The killer’s DNA, which was found at the scene of Van Cuylenborg’s slaying, was also uploaded to a genealogy website and used to create family trees with people who shared significant amounts of DNA with the unknown suspect, officials said.

CeCe Moore, the genealogist who worked on the case, said Friday that she traced the suspected killer’s DNA to his great-grandparents, then used “reverse genealogy” to fill in the blanks on the branches.

"This led me to two descendants of the great-grandparents of the original matches who married, thus tying the two families together," Moore said.

The couple had one son -- Talbott.

Once Talbott was identified as a potential suspect, detectives obtained his DNA from a cup he used and threw out.

Pictured is the reverse genealogy family tree that led Washington state investigators to William Earl Talbott II, 55, as a potential suspect in the 1987 double slaying of Jay Cook, 20, and Tanya Van Cuylenborg, 18, both of British Columbia. 

Reverse genealogy made headlines around the world earlier this year when investigators looking for the Golden State Killer, a serial killer and rapist believed to be responsible for 12 homicides, more than 50 rapes and about 100 burglaries across California in the 1970s and 1980s, arrested Joseph James DeAngelo Jr., 72, after they said they matched his DNA to that of the killer.

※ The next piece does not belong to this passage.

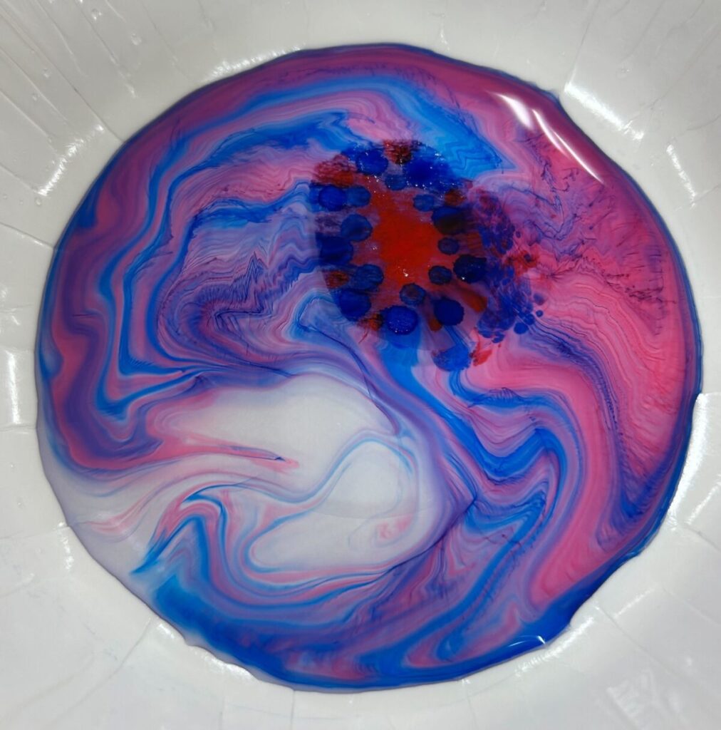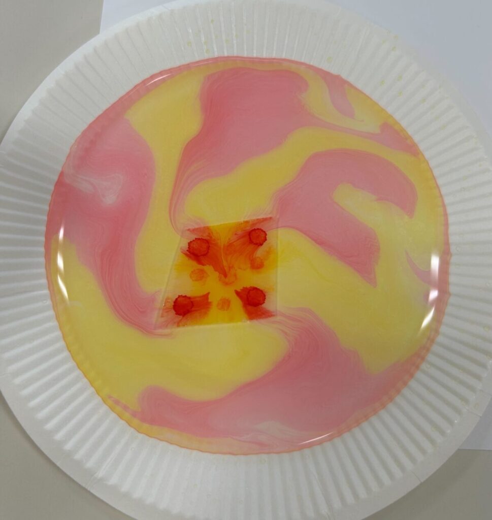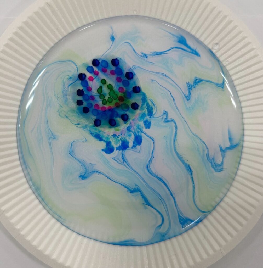 絵の具が水面に広がる瞬間の偶然の美しさに歓声が上がり、自然と笑顔がこぼれる場面も数多くありました。アナログな活動だからこそ、感性や直感、身体の感覚をフルに使って没頭できる時間となりました。

Trenary on Friday thanked the investigators who never gave up on solving the slayings of the young Canadian couple.

“It’s a difficult thing for us, but candidly, this is what we do our job for,” Trenary said.

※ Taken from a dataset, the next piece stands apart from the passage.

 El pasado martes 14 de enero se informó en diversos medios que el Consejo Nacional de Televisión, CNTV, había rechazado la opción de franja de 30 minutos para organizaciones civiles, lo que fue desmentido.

Reichardt said it was the forensic work that detectives did in 1987, which preserved the DNA evidence, that ultimately led to Talbott’s arrest.

“The next step is prosecution,” Reichardt said.

Cook and Van Cuylenborg left their Saanich homes bound for Victoria, where they were planning to take the Port Angeles ferry to Seattle. The couple made the ferry and were spotted buying snacks along the way to Seattle in Hoodsport and Allyn, both located in Mason County, Washington, according to Snohomish County officials.

They were last seen alive buying tickets for the 11:35 p.m. Bremerton-to-Seattle ferry the night they vanished.

KIRO 7 News in Seattle reported that Van Cuylenborg was found six days later, partially clothed, in a ditch. Cook's van was found the next day, locked and abandoned, in a Blue Diamond parking lot in Bellingham, located in Whatcom County.

Cook’s body was found the day after the van.

Pictured are Jay Cook, 20, and Tanya Van Cuylenborg, 18, with the brown Ford Club Wagon van they drove to Seattle the day of their 1987 disappearance. 

The victims’ families last month offered a $50,000 reward to anyone who could provide information before the end of the year that would lead to a positive match to the DNA in the case,

.

Members of the Cook and Van Cuylenborg families were at Friday’s news conference. They expressed a mix of emotions at the news of Talbott’s arrest.

"Yesterday, the killer had his last sleep in his own bed, his last coffee break, his last day of freedom," Cook's sister, Laura Baanstra, said. "It's hard to put into words the relief, joy and great sorrow this arrest brings."

"They were both gentle souls, caring and trusting kids, and they were betrayed," Van Cuylenborg's brother, John, said. "Hopefully, this is a start of some justice for them."

Talbott has not yet been charged with Cook’s slaying, but investigators continue to process evidence and interview witnesses related to that portion of the case. Detectives are asking anyone who knew Talbott or his activities in 1987 or 1988 to come forward.

Talbott, who was 24 years old at the time of the slayings, was living with his parents in Woodinville, about seven miles from where Cook’s body was found.

Detectives are hoping to find witnesses who saw Talbott with Cook’s van in November 1987 or with a 35mm Minolta camera that Van Cuylenborg had with her at the time she was slain.

The camera’s lens was recovered in 1990 and traced to a pawn shop in Portland, Oregon, police officials said. The body of the camera remains missing.

They are also looking for anyone who knows anything about the blanket Cook’s body was found wrapped in.

Anyone with information related to the case should call the Snohomish County Sheriff’s Office tip line at 425-388-3845.